→ **Assigned task**
After locating the line that contains "This image is" in the data below, set down exactly that line and each one after it through the line that contains "Bursa’da şehir içi", and nothing more.

══ Material shown ══

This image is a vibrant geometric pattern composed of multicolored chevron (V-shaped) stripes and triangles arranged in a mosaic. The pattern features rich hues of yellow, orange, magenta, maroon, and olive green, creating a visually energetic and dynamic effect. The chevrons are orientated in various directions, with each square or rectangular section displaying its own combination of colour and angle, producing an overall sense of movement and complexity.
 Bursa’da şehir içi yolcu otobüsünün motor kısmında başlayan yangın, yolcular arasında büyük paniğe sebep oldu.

═══
══ Material shown ══

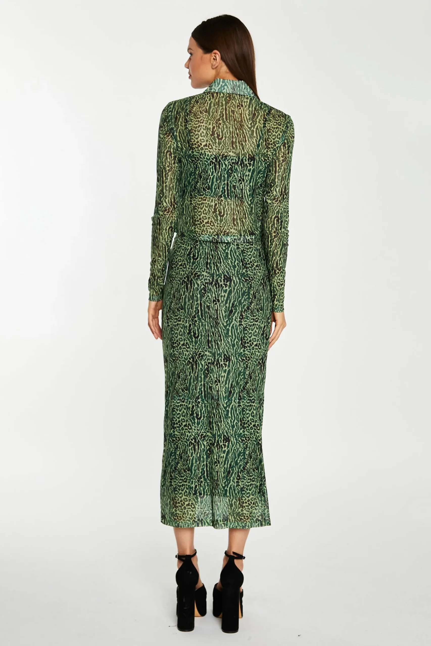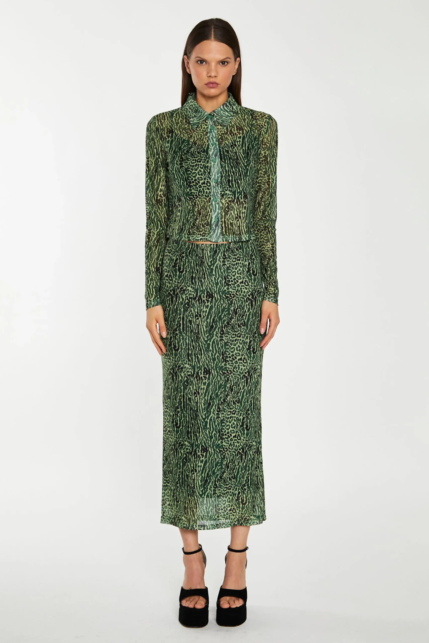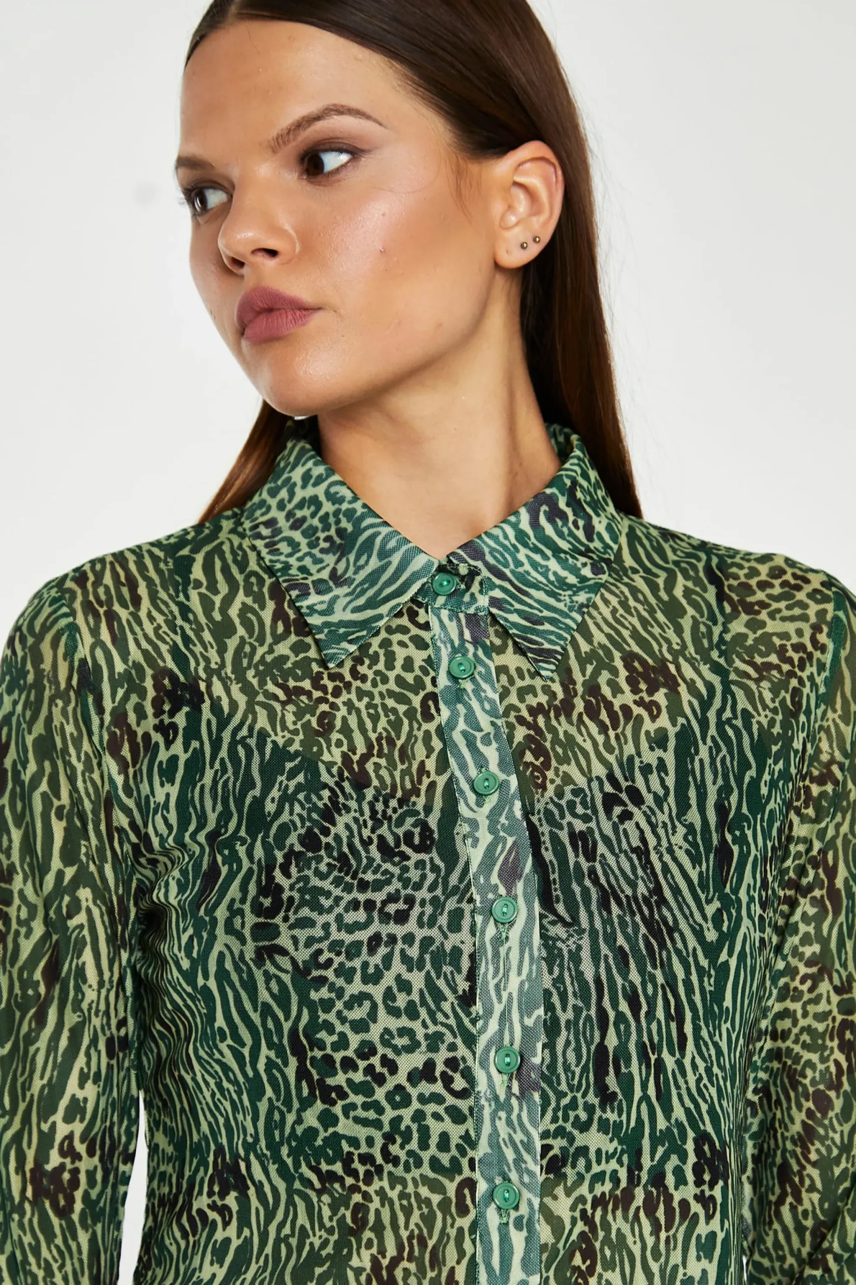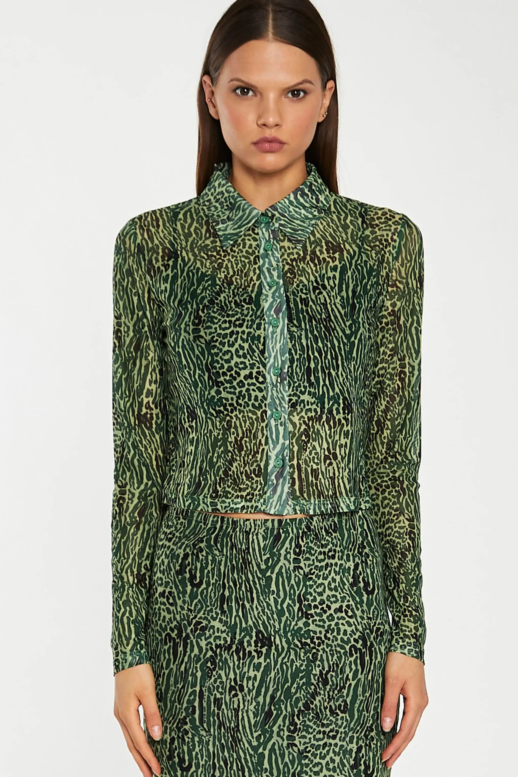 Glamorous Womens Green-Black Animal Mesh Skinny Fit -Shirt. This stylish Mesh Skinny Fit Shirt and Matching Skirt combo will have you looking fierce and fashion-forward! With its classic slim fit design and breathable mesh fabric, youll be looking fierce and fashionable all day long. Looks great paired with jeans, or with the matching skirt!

═══

→ **Written answer**
This image is a vibrant geometric pattern composed of multicolored chevron (V-shaped) stripes and triangles arranged in a mosaic. The pattern features rich hues of yellow, orange, magenta, maroon, and olive green, creating a visually energetic and dynamic effect. The chevrons are orientated in various directions, with each square or rectangular section displaying its own combination of colour and angle, producing an overall sense of movement and complexity.
 Bursa’da şehir içi yolcu otobüsünün motor kısmında başlayan yangın, yolcular arasında büyük paniğe sebep oldu.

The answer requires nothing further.